Setelah melakukannya beberapa kali, Bapak kelihatan mulai memahami alurnya. Dia mengangguk tanda mengerti, sembari menarik napas berat seolah telah berhasil melewati sesuatu yang sangat berat dalam hidupnya
“Kalau jarang latihan, bisa lupa lagi nih,” Bapak melirik ke arahku sambil membetulkan posisi kacamatanya.
“Kalau salah masukin PIN gimana, Gus?” tanyanya penuh was-was.
“Kalau sampai tiga kali, ya diblokir,” jawabku santai.
“Waduh, gitu ya?”
“Pakai sidik jari juga bisa kok, Pak.” aku memberi solusi lain.
“Kalau tangan Bapak basah?” Bapak mulai bertanya semaunya.
“Ini gimana kalau mau transfer?”
“Kalau beli token listrik?”
“Lihat saldonya di sebelah mana?
“Kalau hapenya hilang gimana, Gus?”
Malam itu, sesi mentoring BRImo terasa seperti seminar sehari penuh, dengan aku sebagai pembicaranya dan Bapak sebagai satu-satunya peserta yang paling kritis bertanya.
Dua, tiga hari berlalu.
Semangat digital Bapak sepertinya sudah mulai padam. Tidak ada lagi sesi mentoring seperti malam sebelumnya. Hape barunya kini juga lebih sering digunakan untuk Yutub-an, mencari video burung jalak gacor, atau membalas pesan-pesan receh yang ada di grup WA “Komunitas Pecinta Jalak Jawa Timur”.

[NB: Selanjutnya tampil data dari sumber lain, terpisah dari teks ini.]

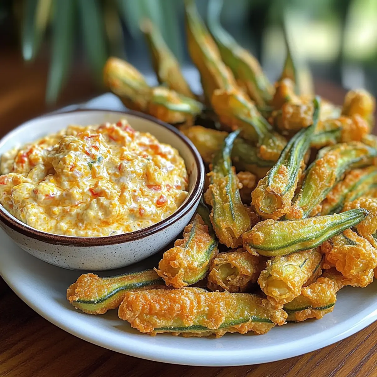 Inmitten einer geselligen Runde präsentierte mir ein Freund die Überraschung des Abends: frittierte eingelegte Okra mit einer cremigen Pimento-Käse-Delikatesse! So einfach, so köstlich – und ich konnte kaum abwarten, dieses Geschmackserlebnis nachzukochen. Diese frittierte Köstlichkeit bietet nicht nur einen herzhaften Crunch, sondern vereint die frische Säure der eingelegten Okra mit dem reichen, cremigen Geschmack des Pimento-Käse-Dips. Ideal für spontane Partys oder gemütliche Abende zu Hause, zaubert dieser Snack im Handumdrehen ein Lächeln auf jedes Gesicht. Und das Beste? Mit nur 20 Minuten Vorbereitungszeit und 25 Minuten Kochzeit wird dein Snack-Tisch im Nu zum Highlight! Bist du bereit, deine eigene Version dieser Southern-Delikatesse zu entdecken? Warum wirst du diese Okra lieben? Einzigartiger Geschmack: Die Kombination aus knuspriger, frittierter Okra und cremigem Pimento-Käse begeistert Gaumen und sorgt für ein einzigartiges Geschmackserlebnis! Vielseitigkeit: Egal, ob du ein schnelles Snack für die Familie zubereitest oder Gäste bewirtest, diese Delikatesse passt zu jedem Anlass. Einfach zuzubereiten: Mit nur wenigen Schritten und einfachen Zutaten kannst du in kurzer Zeit etwas ganz Besonderes zaubern. Geselligkeit: Ob bei Partys oder gemütlichen Abenden, dieser Snack ist ein echter Publikumsmagnet. Und für eine glutenfreie Variante kannst du Pfifferlinge mit Spinat oder Gruenkohl mit Pinkel als Beilage in Betracht ziehen! Zutaten für frittierte eingelegte Okra Erlebe den perfekten Crunch mit diesen Zutaten! Für die Okra Eingelegte Okra – Sorgt für einen würzigen Biss; darauf achten, dass sie gut abgetropft sind. Buttermilch – Fügt Feuchtigkeit hinzu und ist wesentlich für die Panade; Joghurt kann als Ersatz dienen. Maismehl – Macht die Panade knusprig und verleiht einen südlichen Touch; glutenfreies Maismehl ist ebenfalls erhältlich. Weizenmehl – Hilft, die Panade zu binden; glutenfreies Mehl kann alternativ verwendet werden. Paprika – Bringt eine milde Schärfe und lebendige Farbe in die Panade. Cayennepfeffer – Fügt Würze hinzu; nach persönlichem Schärfewunsch anpassen. Öl zum Frittieren – Hoch erhitzbares Öl wie Pflanzenöl ist ideal zum Frittieren. Für den Pimento-Käse-Dip Geriebener scharfer Cheddar – Verleiht dem Dip einen reichen Geschmack und Textur. Frischkäse – Trägt zur Cremigkeit des Dips bei; weich genug für einfaches Mischen. Mayonnaise – Fügt Fülle und Geschmack hinzu; kann durch griechischen Joghurt ersetzt werden. Würfelige Pimentos – Bringt eine süße Paprikanote ins Spiel; darauf achten, dass sie gut abgetropft sind, um überschüssige Feuchtigkeit zu vermeiden. Worcestershiresauce – Verstärkt die Geschmacksvielfalt; optional nach Belieben. Knoblauchpulver – Fügt Würze hinzu; frischer gehackter Knoblauch ist eine gute Alternative. Schritt-für-Schritt-Anleitungen für Frittierte eingelegte Okra mit Pimento-Käse-Delikatesse Step 1: Pimento-Käse zubereiten In einer Schüssel vermischst du den geriebenen Cheddar, Frischkäse, Mayonnaise, die gewürfelten Pimentos, Worcestershiresauce und Knoblauchpulver, bis die Mischung schön cremig wird. Mit Salz und Pfeffer abschmecken und in den Kühlschrank stellen, um die Aromen für etwa 30 Minuten ziehen zu lassen. Step 2: Panierstationen vorbereiten Bereite zwei Schalen vor: Fülle eine mit Buttermilch und die andere mit einer Mischung aus Maismehl, Weizenmehl, Paprika, Cayennepfeffer, Salz und Pfeffer. Rühre die trockenen Zutaten gut um. Diese Stationen helfen dir, die eingelegte Okra gleichmäßig zu panieren. Step 3: Okra panieren Nimm jedes Stück eingelegte Okra und tauche es zuerst in die Buttermilch. Lass überschüssige Flüssigkeit abtropfen, bevor du die Okra in die Maismehlmischung tauchst. Schüttle leicht, um überschüssiges Mehl zu entfernen, und lege die panierten Okra auf einen Teller. Step 4: Öl erhitzen Erhitze in einer großen, schweren Pfanne etwa 2,5 cm Öl auf 180 °C. Um die Temperatur zu testen, streue eine kleine Menge der Panade ins Öl; wenn sie sofort brutzelt, ist das Öl bereit. Achte darauf, die Temperatur während des Frittierens konstant zu halten. Step 5: Okra frittieren Füge die panierten Okra portionsweise in das heiße Öl und frittiere sie 3-4 Minuten lang, bis sie goldbraun und knusprig sind. Wende die Stücke gelegentlich, um eine gleichmäßige Bräunung zu gewährleisten. Arbeite in Chargen, um ein Überfüllen der Pfanne zu vermeiden. Step 6: Abtropfen und servieren Verwende einen Schaumlöffel, um die frittierte Okra auf einen mit Küchenpapier ausgelegten Teller zu übertragen, damit überschüssiges Öl abtropfen kann. Serviere die frittierte eingelegte Okra warm, zusammen mit dem Pimento-Käse-Dip, der die perfekte Ergänzung bietet. Meal Prep für frittierte eingelegte Okra mit Pimento-Käse-Delikatesse Diese frittierte eingelegte Okra mit Pimento-Käse-Delikatesse ist ideal für die Vorbereitung im Voraus, sodass du die ganze Woche über Zeit sparst! Du kannst den Pimento-Käse-Dip bis zu 4-5 Tage im Voraus zubereiten und in einem luftdichten Behälter im Kühlschrank aufbewahren, damit sich die Aromen gut entfalten. Außerdem kannst du die panierten Okra bis zu 24 Stunden vorher vorbereiten und sie bis zum Frittieren im Kühlschrank lagern. Um die Qualität zu erhalten, achte darauf, dass die Okra gut umhüllt sind, damit sie nicht austrocknen. Wenn du bereit bist zu servieren, erhitze das Öl und frittiere die Okra in Chargen, um die perfekte Knusprigkeit zu gewährleisten – so hast du im Handumdrehen eine köstliche, herzhafte Snackvariante! Was passt zu frittierter eingelegter Okra mit Pimento-Käse-Delikatesse? Entdecke die perfekten Begleiter für deine knusprige Okra und den cremigen Dip, die dein Geschmackserlebnis auf die nächste Stufe heben! Frischer Coleslaw: Der knackige und erfrischende Coleslaw kontrastiert köstlich mit dem warmen, frittierten Snack und verleiht dem Gerich

“Pak Anu kena tipu lewat hape, rekeningnya habis.” cerita singkat Ibu ketika aku menanyakannya.
“Oh, pantesan,” gumamku sambil mengangguk.
Pada akhirnya, teknologi memang seperti labirin bagi sebagian orang. Apalagi, bagi generasi seangkatan Bapak yang kadang masih susah membedakan antara logo Whats*pp dan logo MiCh*t. Bagi mereka, putar balik menuju layanan konvensional merupakan solusi masuk akal daripada tersesat di belantara digital yang terlihat menyeramkan.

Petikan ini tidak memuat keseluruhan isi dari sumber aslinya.